The network contains 8 layers in total, 5 are convolutional layers and 3 are fully connected layers. At the end of each layer ReLu activation is performed except for the last one which outputs with a softmax with a distribution over the 1000 class labels. Dropout is applied in the first two fully connected layers. As the figure from above shows, they also apply Max-pooling after the first, second and fifth convolutional layer. Remember that each input image has dimensions of 224 x 224 x 3 since are color images although later discussion of the paper says that 227 x 227 x 3 makes more sense for the dimension calculations for the next of the network.

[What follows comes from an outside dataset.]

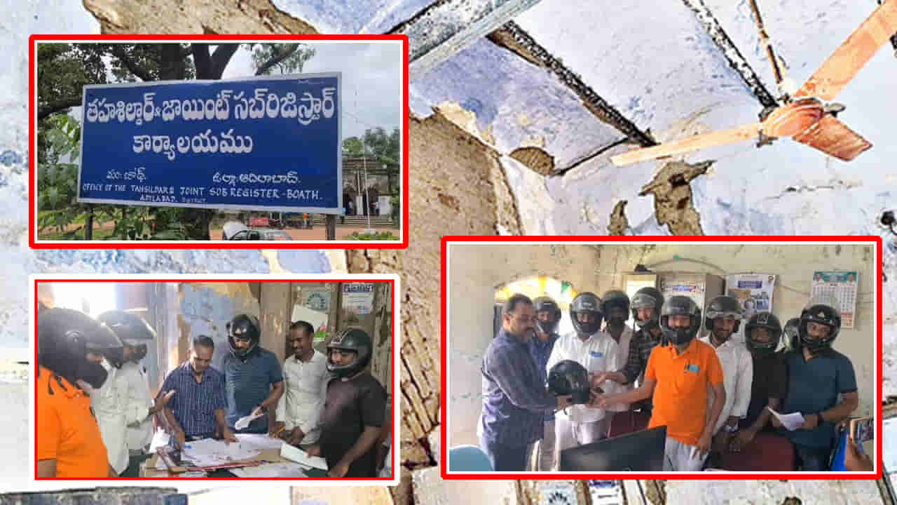 ఇకనైనా కొత్త కార్యాలయాన్ని నిర్మించండి.. ఈ వానకాలం ప్రాణాలు కాపాడండి మహా ప్రభో అంటూ హెల్మెట్లు ధరించి వినూత్న నిరసన తెలిపారు సిబ్బంది.

- I think that what is most important from their work is the use of ReLu which will mark a general use of this activation function after the paper for most works of convolutional neural networks. They got from testing with CIFAR-10 dataset a 25% training error rate that was six times faster than Tanh.
- I was also very important for this field the use of multiple GPUs since training requieres a lot of iteration and time. Faster computation means more testing and that way more discovers.
- The results in numbers they obtained was of 37.5% for top-1 and 17.0% for top-5 error rate. For ImageNet, these two errors are report, top-1 is the normal error rate for classification and top-5 is the fraction of test images which correct label is not among the five labels considered most probable my the model. This result surpassed results of previous convolutional neural networks.
AlexNet is a work of supervised learning and got very good results. It is not easy to have low classification errors without having of overfitting. They say that removing one convolutional layer from their network would reduce drastically the performance so its no easy task to choose the architecture. It was also important the selection of methods like dropout and data augmentation that helped the performance of the network. Finally, the tools they used sped up a training process which otherwise would be very daunting with 1.2 million high resolution images.
- What impresses a lot is the carefully crafted result of their network, it involved a lot of testing and decision because every run of the model would take a lot of time. The idea of put one element and a layer where it is made a difference and every % reduction of error counted.
- It is no easy work to avoid overfitting when you build a bigger neural network while you keep a low classification error. Regularization is very important.
- There are many opensource datasets with labeled data like CIFAR and ImageNet that didn’t exists that today makes possible to train models and facilitate investigations.
- Hackatons and challenges encourages the generation of ideas. They bring solutions to common problems on society so its nice that such competitions are promoted and more people participate.
- AlexNet is still relevant today but it is true that there are new researches. It is important for someone who wants to dig into Machine Learning field to know how to read papers and gather the information on how the networks depicted were constructed.